There is something inherently democratic about this notion of justice: it arises immanently from the participants themselves. Indeed, the later John Rawls grounds legal and political legitimacy not from comprehensive, objective ethical commitments, but from “freestanding” ideals created by democratic public reason. Some deliberative democrats tie justice and democracy together more explicitly: our democratic laws are just precisely because they are the outcome of procedures that ensure that we can all understand ourselves as co-equal authors of the laws that bind us. To illustrate, Rainer Forst (one of Habermas’ students), suggests that laws are just so long as they are justified using reasons that are both reflexive and reciprocal: that they are crafted according to terms that all can and do accept. He thus creates an identity between law, justice and democracy while accommodating the hard fact of diversity.

This orientation is particularly appealing when we reflect upon the legal construction of economic life. If law cannot be just unless it is the outcome of a process that allows us to understand ourselves as its co-equal authors, then everything from corporate law to monetary policy becomes amenable to democratic input. It can also address the question of power through the values embedded in democratic procedures. Material inequality and bias can skew their operation. And so we must tinker with the rules, perhaps through the “predistribution” or “redistribution” of wealth, so that our voices are equalized. This orientation also carries the benefit of eliminating, for the most part, the conflict between democracy and our end-values. We have a chance to debate and contest what is meant by “fair price,” “privacy,” and “equality” before we enshrine it in our laws and enforce it on everybody.

But we should be aware that some problems might be too important and exigent to leave to the mercy of burdensome procedure. Why wait on a public consensus about the “fairness” of a wage when children are hungry? More importantly, deliberative democracy may rely too much upon the possibility of consensus. Perhaps a crumbling relic of post war elite aspirations, it may offer precious little comfort in our politics of conflict and fragmentation.
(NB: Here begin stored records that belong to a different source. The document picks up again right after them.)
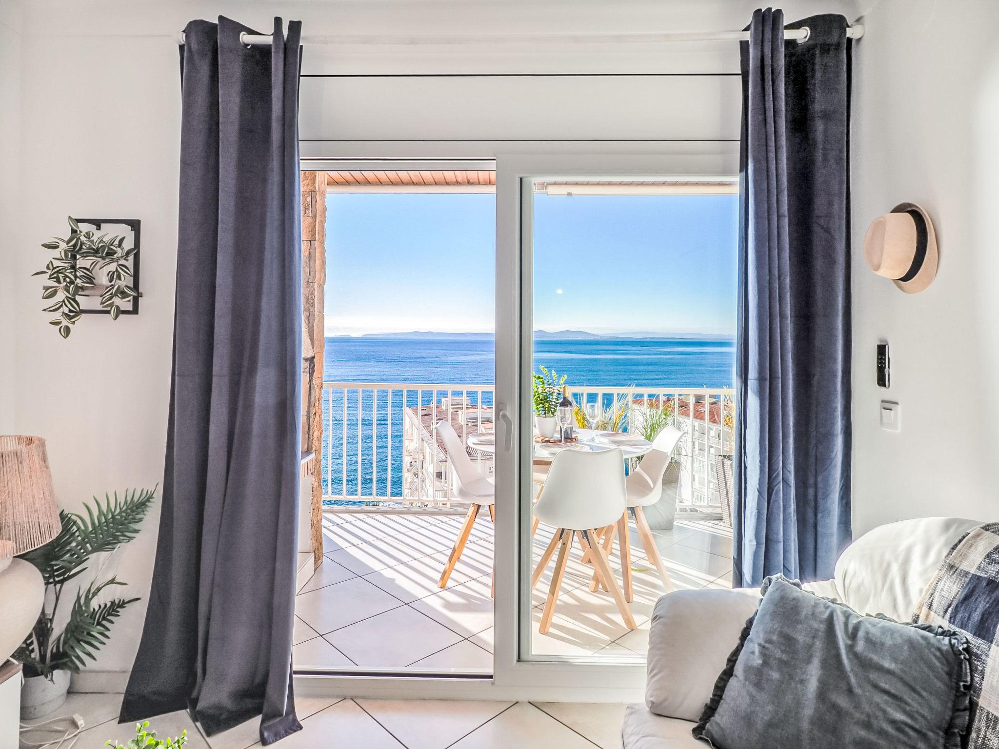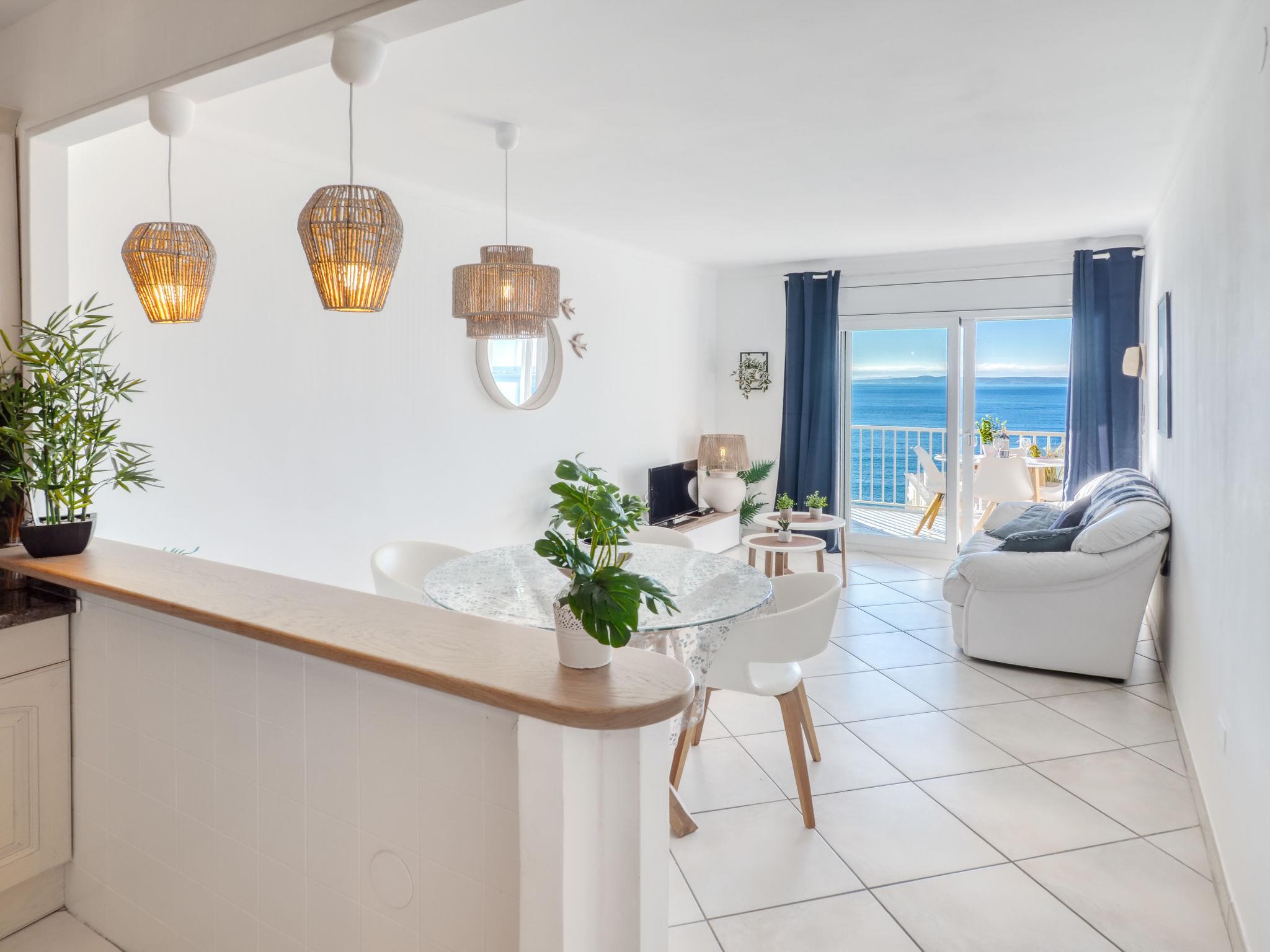 3-room apartment 65 m2. Bright, comfortable and modern furnishings: living/dining room with dining table and satellite TV. Exit to the terrace, south facing position and west facing position. 1 room with 1 french bed (160 cm, length 190 cm). Exit to the terrace. 1 room with 2 beds (90 cm, length 190 cm). Kitchen (oven, 3 ceramic glass hob hotplates, toaster, kettle, microwave, freezer, electric coffee machine) with hatch. Shower, sep. WC. Terrace. Terrace furniture. Marvellous panoramic view of the sea. Facilities: washing machine, iron. Internet (WiFi, free). Please note: non-smokers only. TV only FR, DE. No lift. HUTG-074788 // Reg. Nr.: ESFCTU0000170190001558250000000000000000HUTG074788851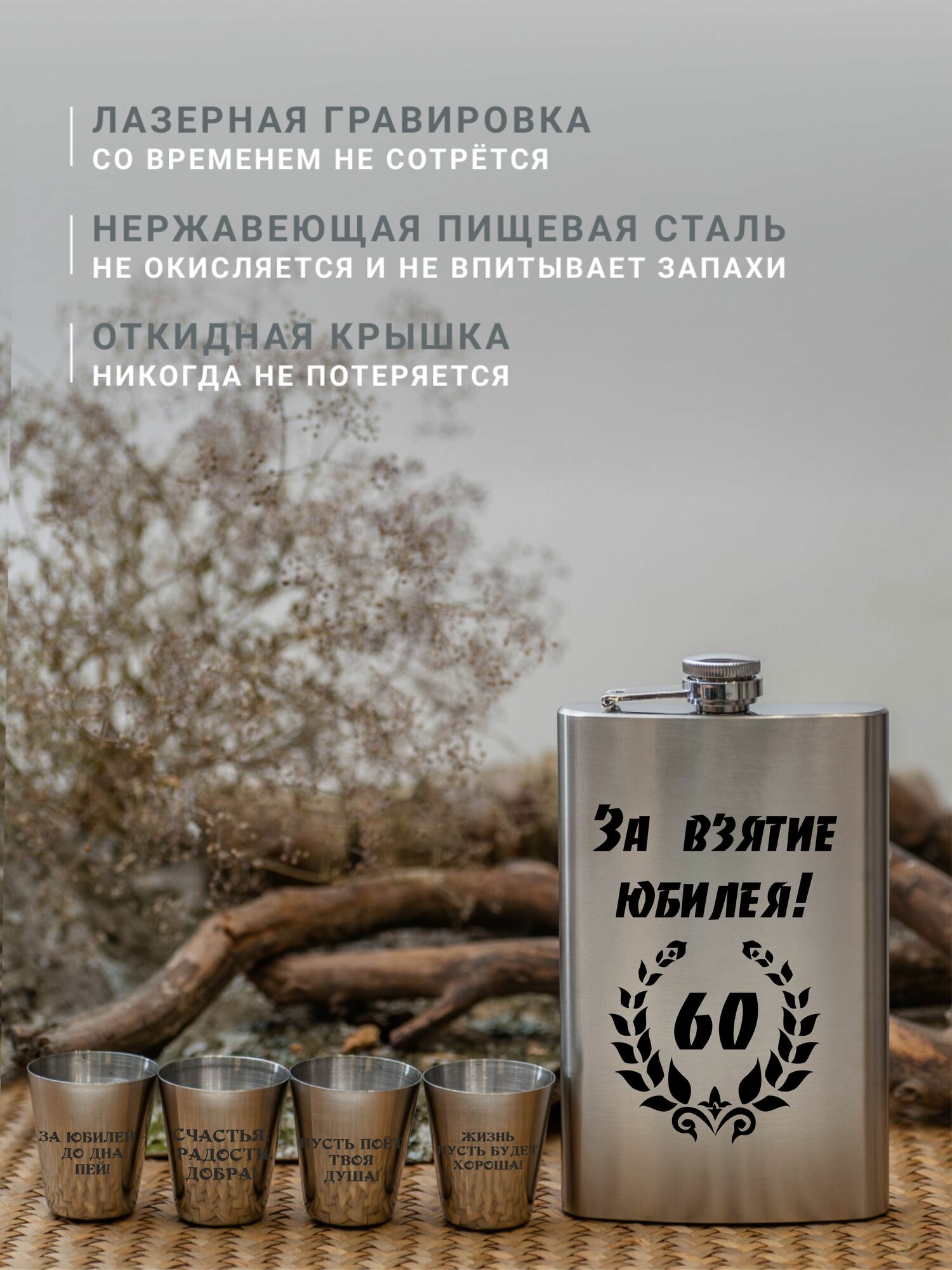 СохранитьПодарочный набор фляга со стопками с гравировкой За взятие юбилея 60 интересное: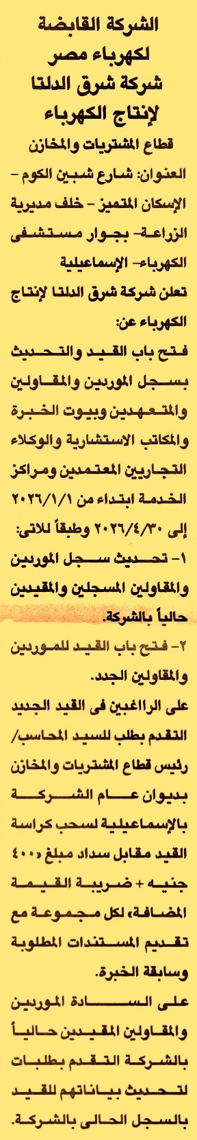 HOT Information فتح باب القيد والتحديث بسجل الموردين والمقاولين والمتعهدين وبيوت الخبرة والمكاتب الإستشارية والوكلاء التجاريين المعتمدين ومراكز الخدمة عن جريدة الجمهورية Post navigation البنك الاهلي المصري شركة مطاحن مصر الوسطى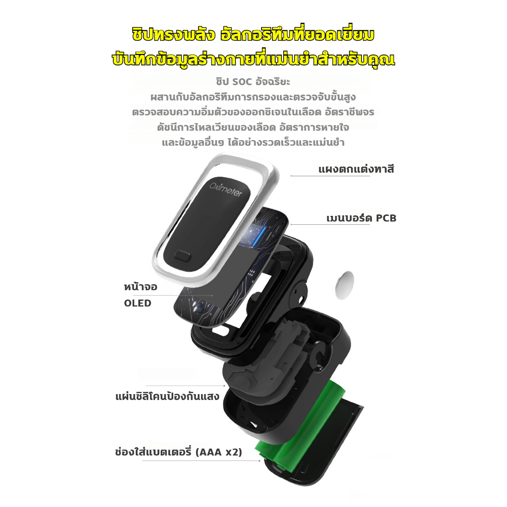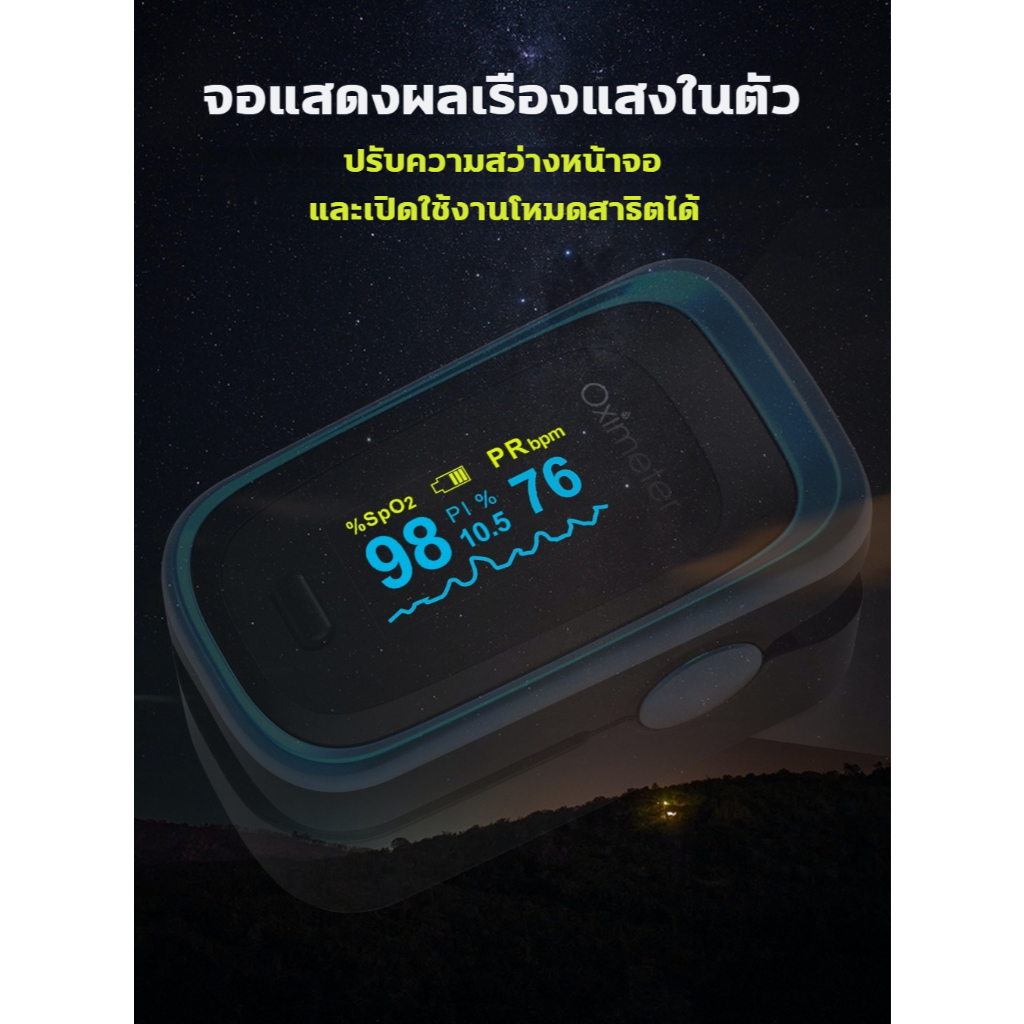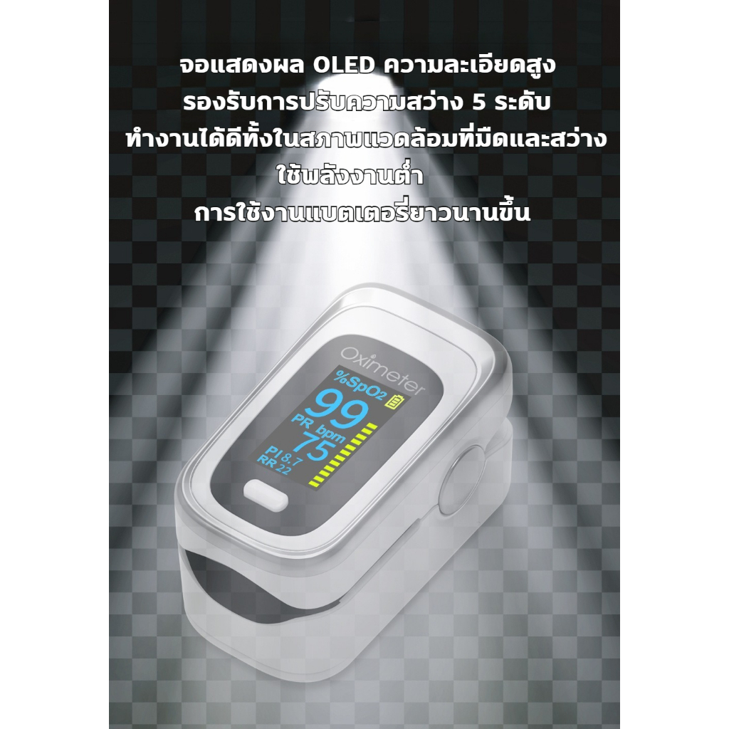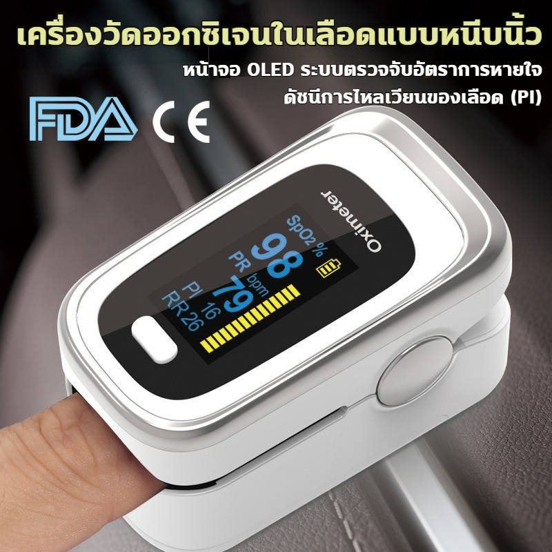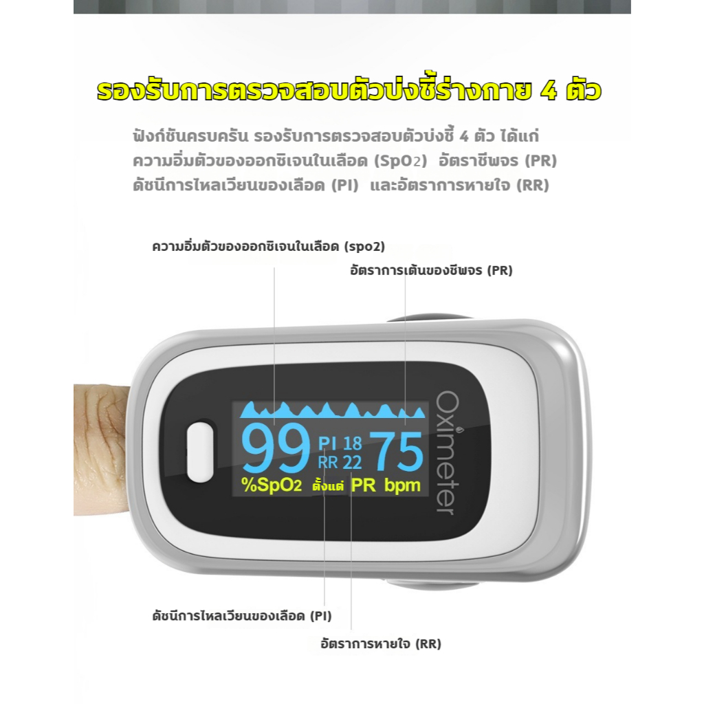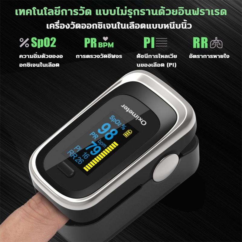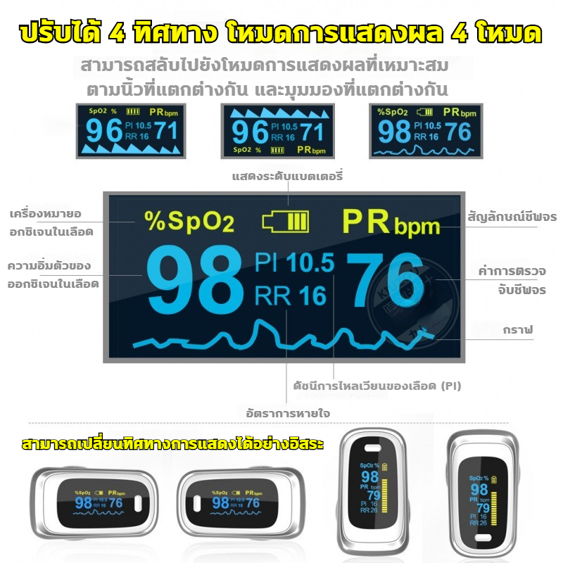 เครื่องวัดออกซิเจน ปลายนิ้ว 4 ฟังก์ชัน อัตราการหายใจ RR จอOLED 6โหมด ปรับได้4ทิศทาง อัตราการเต้นของหัวใจจอ มีแบตเตอรี่

As LPE undertakes the important work of dismantling neoliberalism’s appalling legal edifice, these guideposts will help scholars ground normative arguments about not only the substantive content of the law, but also the role that democracy should play in creating and sustaining it. The upshot is not merely a matter of philosophical gymnastics. For example, those committed to republican non-domination might staff labor boards entirely with worker representatives and technical experts – tribunes of the plebeians –  who can act as a countervailing power against already-powerful employers. Reformers committed to universal social rights might be happy with an independent technocrat who could ensure that wages remain above poverty levels. Meanwhile, a deliberative democrat, wary of imposing the terms of labor peace from above, might be more amenable to regulatory boards that seek equal input from business and consumer constituencies. Regardless, it is heartening that the LPE community, many trained in legal reasoning, has embraced democracy as part of the solution. It undoubtedly must be.